Quote the material exactly from the line that contains "Vintage *Dr. Seuss" through its last line. Any pictures are to be left out.

**DATA EXTRACT:**
::::::::::
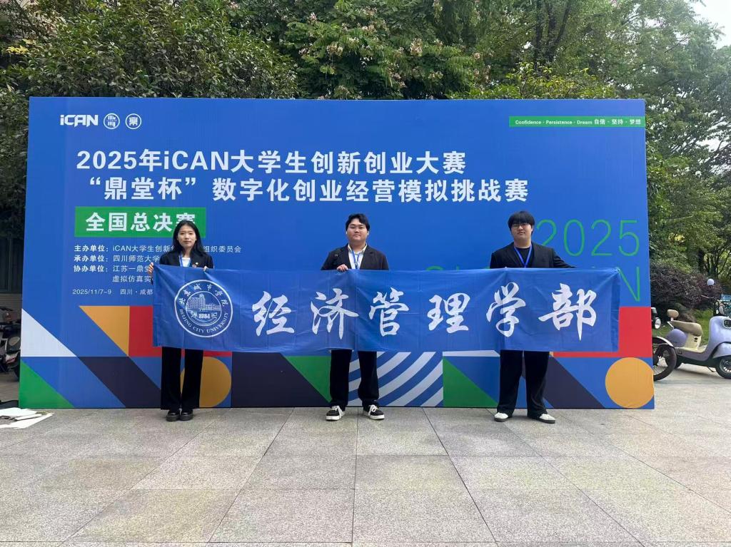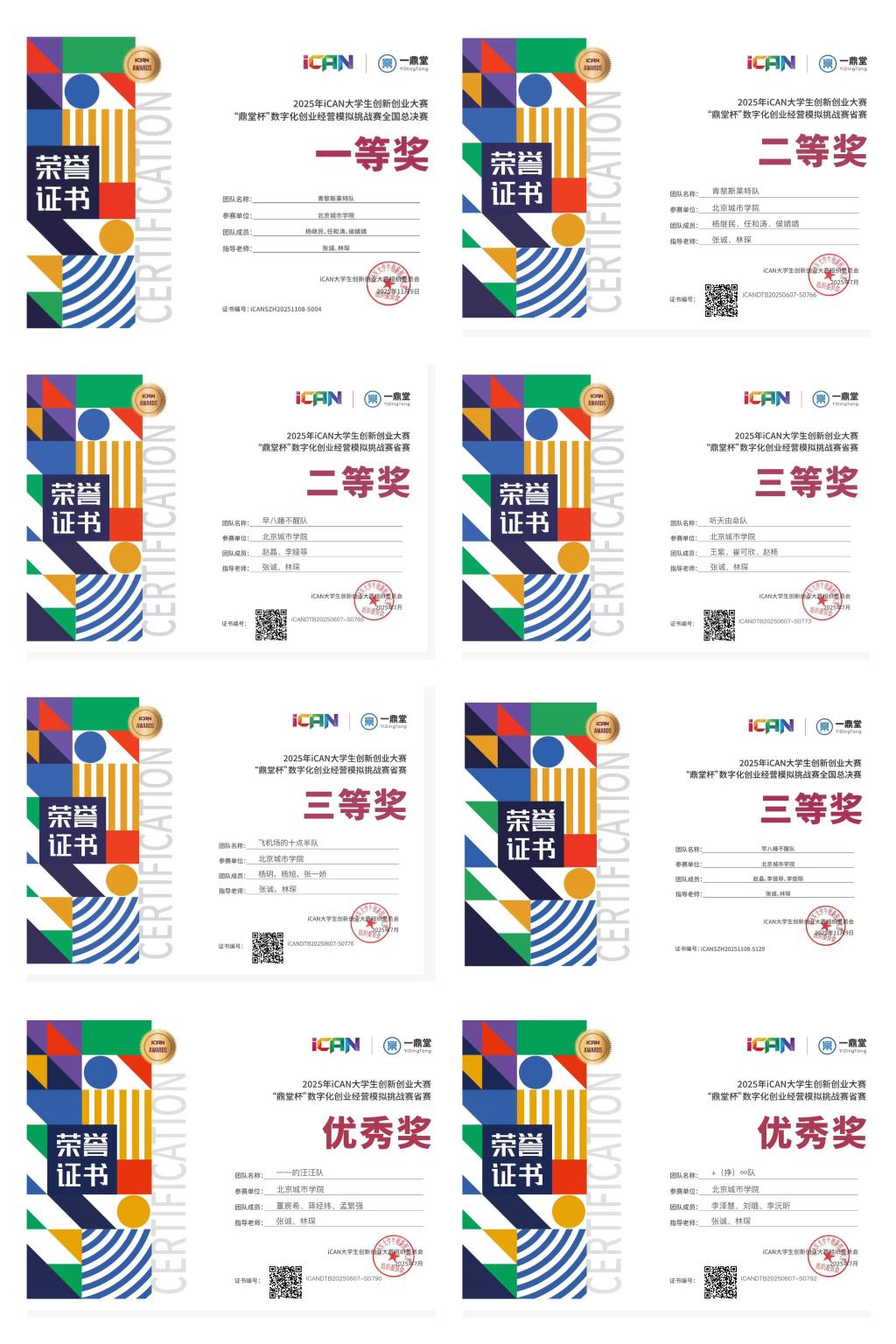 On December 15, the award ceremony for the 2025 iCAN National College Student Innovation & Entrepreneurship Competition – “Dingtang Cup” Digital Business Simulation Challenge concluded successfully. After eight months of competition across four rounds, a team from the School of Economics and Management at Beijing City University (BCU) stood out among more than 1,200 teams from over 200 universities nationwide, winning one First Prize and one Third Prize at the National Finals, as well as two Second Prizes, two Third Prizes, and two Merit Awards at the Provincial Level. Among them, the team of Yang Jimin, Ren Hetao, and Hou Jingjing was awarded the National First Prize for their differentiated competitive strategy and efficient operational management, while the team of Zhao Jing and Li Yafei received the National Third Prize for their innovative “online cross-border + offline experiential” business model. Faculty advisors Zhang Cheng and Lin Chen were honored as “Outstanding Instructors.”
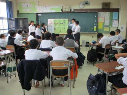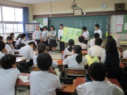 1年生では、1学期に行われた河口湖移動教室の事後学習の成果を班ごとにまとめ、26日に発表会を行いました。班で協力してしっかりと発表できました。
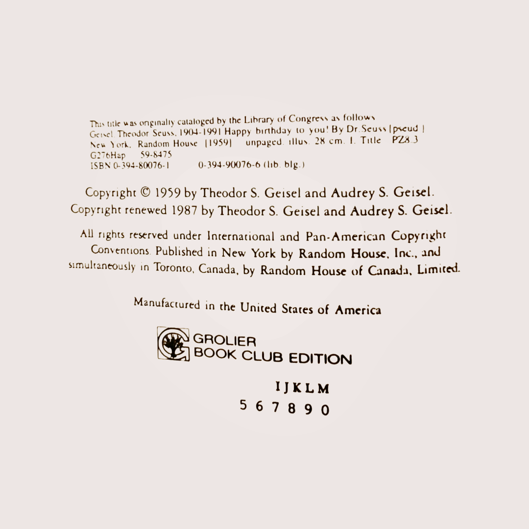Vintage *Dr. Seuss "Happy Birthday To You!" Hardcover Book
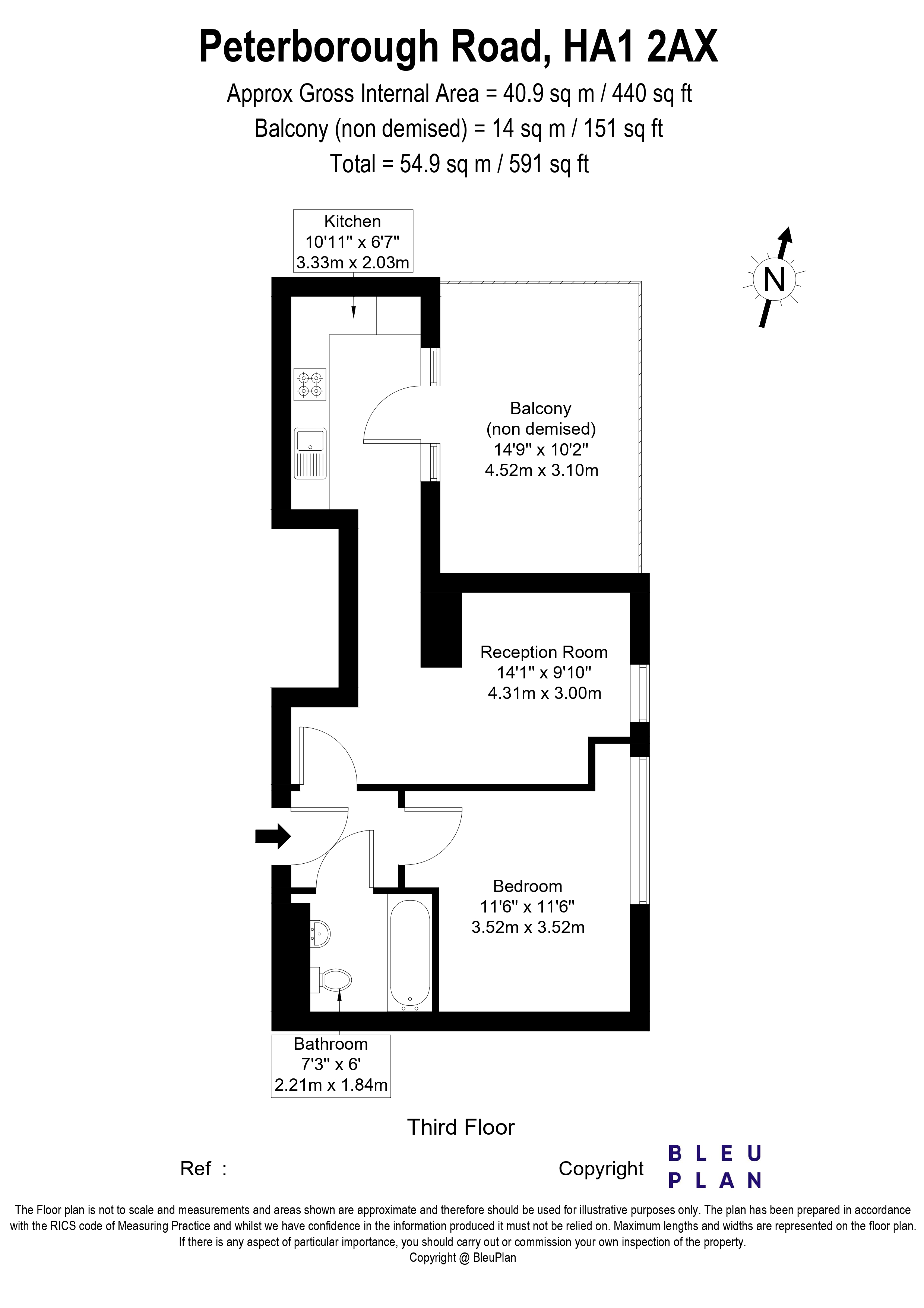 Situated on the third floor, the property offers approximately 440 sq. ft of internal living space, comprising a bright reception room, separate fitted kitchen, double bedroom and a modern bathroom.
::::::::::
**WRITTEN RESPONSE:**
Vintage *Dr. Seuss "Happy Birthday To You!" Hardcover Book
 Situated on the third floor, the property offers approximately 440 sq. ft of internal living space, comprising a bright reception room, separate fitted kitchen, double bedroom and a modern bathroom.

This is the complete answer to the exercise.